Data wrangling is an essential step in the data science pipeline. Raw data can be messy, incomplete, or inconsistent, making it difficult to analyze and derive insights from. In addition, data may come from multiple sources, such as different databases or file formats, each with its own structure and syntax. Therefore, cleaning and pre-processing, in other words, data wrangling is a necessary step in preparing the data for analysis.
This includes tasks such as removing duplicates, handling missing data, correcting errors, formatting data and merging data from different sources.
Data wrangling makes sure that the data is accurate, consistent, and ready for analysis. Without proper data wrangling, data analysis can be unreliable and misleading, leading to incorrect conclusions and decisions. In this article, we will look at the most common data handling methods used in various stages of data wrangling.
Stage 1: Data Cleaning
This first step in data wrangling entails locating and addressing issues with the data’s quality, such as outliers, missing values, and inconsistencies. Cleaning data can be accomplished in a number of ways, including:
Removing missing values: Missing values can skew analysis results. To address this problem, missing values are either removed or replaced with a value that reflects the nature of the remainder of the data points.
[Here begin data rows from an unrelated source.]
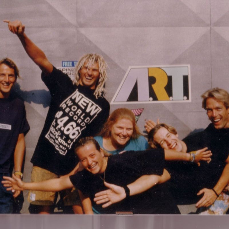 Sehr gerne! Also die Marke A.R.T. wurde geboren, als Udo Schultz für seine Boardmarke Fanatic eine Segelmarke als Partner suchte. North Sails bewarb sich damals um eine Kooperation, aber Udo wollte eine für sich bessere Lösung finden. 1986 bekam ich das Angebot bei A.R.T. Segeldesigner zu werden, nachdem ich Neilpryde verlassen hatte. Elf Jahre lang arbeitete ich dann für A.R.T., bis sich der Windsurfmarkt in den früher 90ern stark veränderte. Alle Marken mussten das Produktionsvolumen reduzieren. A.R.T. sah eine Möglichkeit Kosten zu sparen, indem ich entlassen wurde und Robert Stroj ab 1996 meine Funktion übernahm. 1997 war dann Schluss mit der Marke A.R.T.
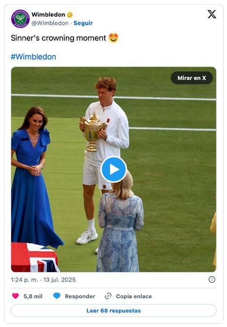 El español de 22 años, pierde su primera final de Grand Slam, tras haber ganado las cinco anteriores que había disputado, dos veces en Wimbledon, otras tantas en Roland Garros, y una en el US Open. Sinner, que cumplirá 24 años en agosto, logra de esta manera su cuarto título de Grand Slam, tras haber ganado antes dos veces el Abierto de Australia y una el US Open. En el palco, asistieron al triunfo de Sinner, el príncipe de Gales, Guillermo, heredero de la corona británica, junto a su esposa Catalina, y dos de los tres hijos de la pareja, Jorge y Carlota, además del rey de España, Felipe VI, y varios actores. Alcaraz aspiraba a convertirse en el quinto tenista en sumar tres Wimbledon consecutivos, tras el sueco Bjorn Borg, el estadounidense Pete Sampras, el suizo Roger Federer y el serbio Novak Djokovic.
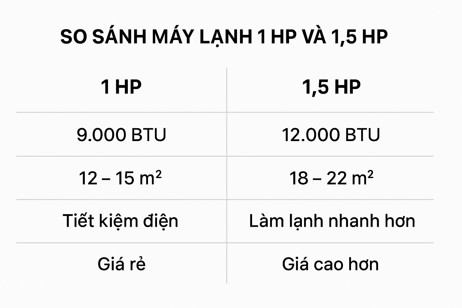1 HP tương đương khoảng 9.000 BTU, có khả năng làm lạnh cho phòng khoảng 12 – 15 m².
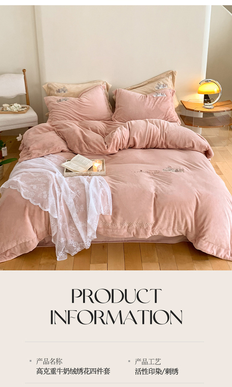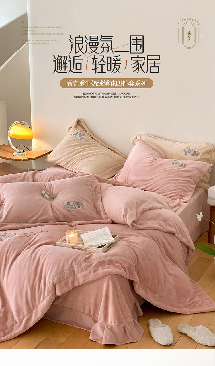 (总)名品优仓 2025新款220克牛奶绒绣花四件套-珊瑚,珊瑚-宝石蓝,珊瑚-粉色,珊瑚-姜黄,珊瑚-米杏,珊瑚-沫粉,珊瑚-杏粉
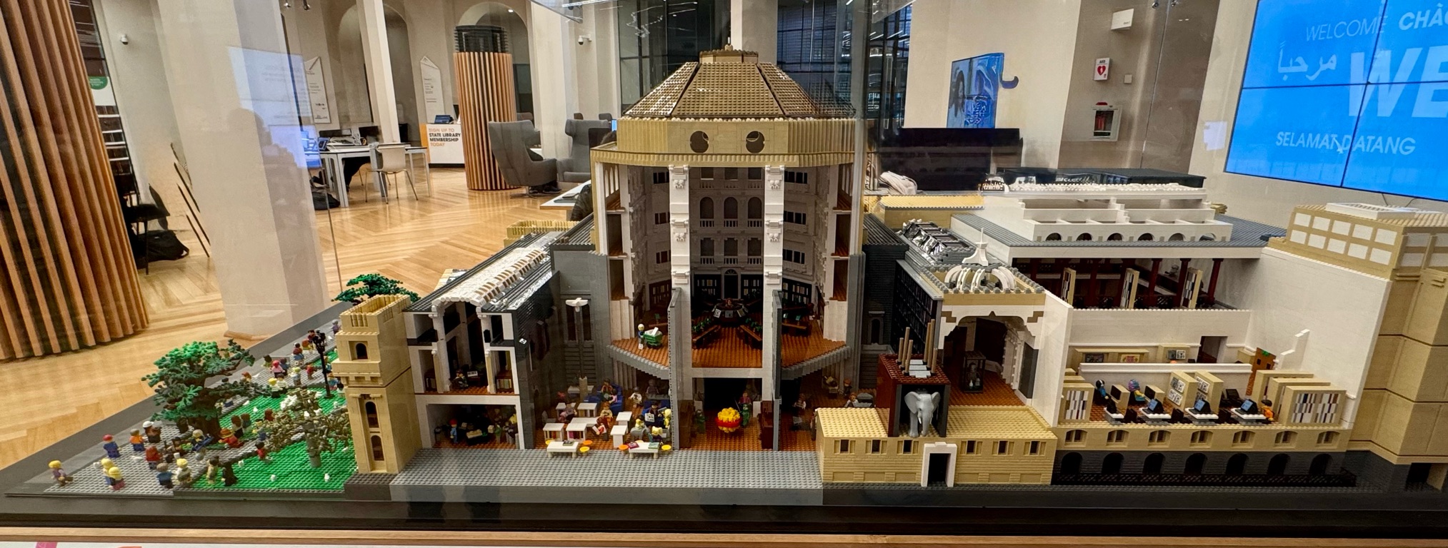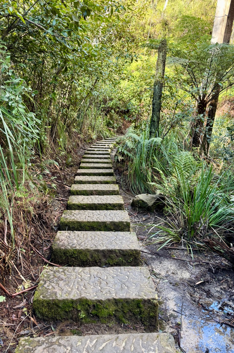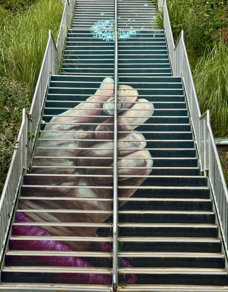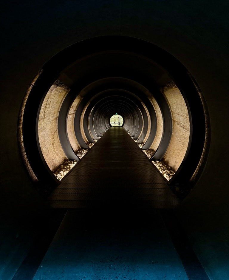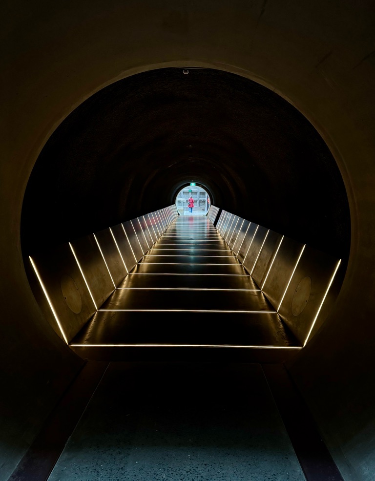 View from the ferry (which has tiger benches) to the museum starting point through a tunnel or up 99 steps.

Handling outliers: Extreme values that are significantly outside of a dataset’s typical range are known as outliers. By skewing the statistical measures used, outliers can affect the analysis results. To deal with outliers, you can either get rid of them or make them less extreme.
Resolving inconsistencies: Typos, different data formats, or errors in data collection can all lead to data inconsistencies. They can be fixed by using data validation rules to find and fix errors and standardizing the format of the data.
Stage 2: Data Transformation
Data transformation entails changing the data’s original format to improve the data analysis. Data transformation can be accomplished in a number of ways, including:
Normalization of data: The process of normalizing data entails scaling the data so that it falls within a predetermined range. Data normalization is used when variables forming the data have different units of measurement.
Aggregation of data: Combining data from multiple sources or summarizing data at a higher level of granularity are examples of data aggregation. As a result of data aggregation, data may become simpler to analyze.
Encoding data: The process of converting categorical data into a numerical format that can be used in the analysis is known as data encoding. This method is frequently used when the data contains non-numeric values like gender or product category.
Stage 3: Data Preparation
Data preparation is the final stage of data wrangling. Preparing the data for analysis entails selecting appropriate variables, inventing new variables, and formatting the data. Data preparation can be done in a number of different ways, including:
Variable selection: Variable selection entails removing irrelevant variables and locating the most important variables for analysis. Variable selection may improve the accuracy of the analysis and simplify the data to create a more parsimonious model.
Engineering features: New variables are created using the dataset’s existing variables in feature engineering. New features may bring out hidden patterns and improve the accuracy of the analysis.
Because it ensures that the data are in a format that is suitable for analysis, data wrangling is an essential step in the data science pipeline. There are a number of methods that can be used at each stage of the process, which include cleaning, transforming, and feature selection. Data wrangling improves the data quality prior to analysis and helps data scientists derive more accurate insights.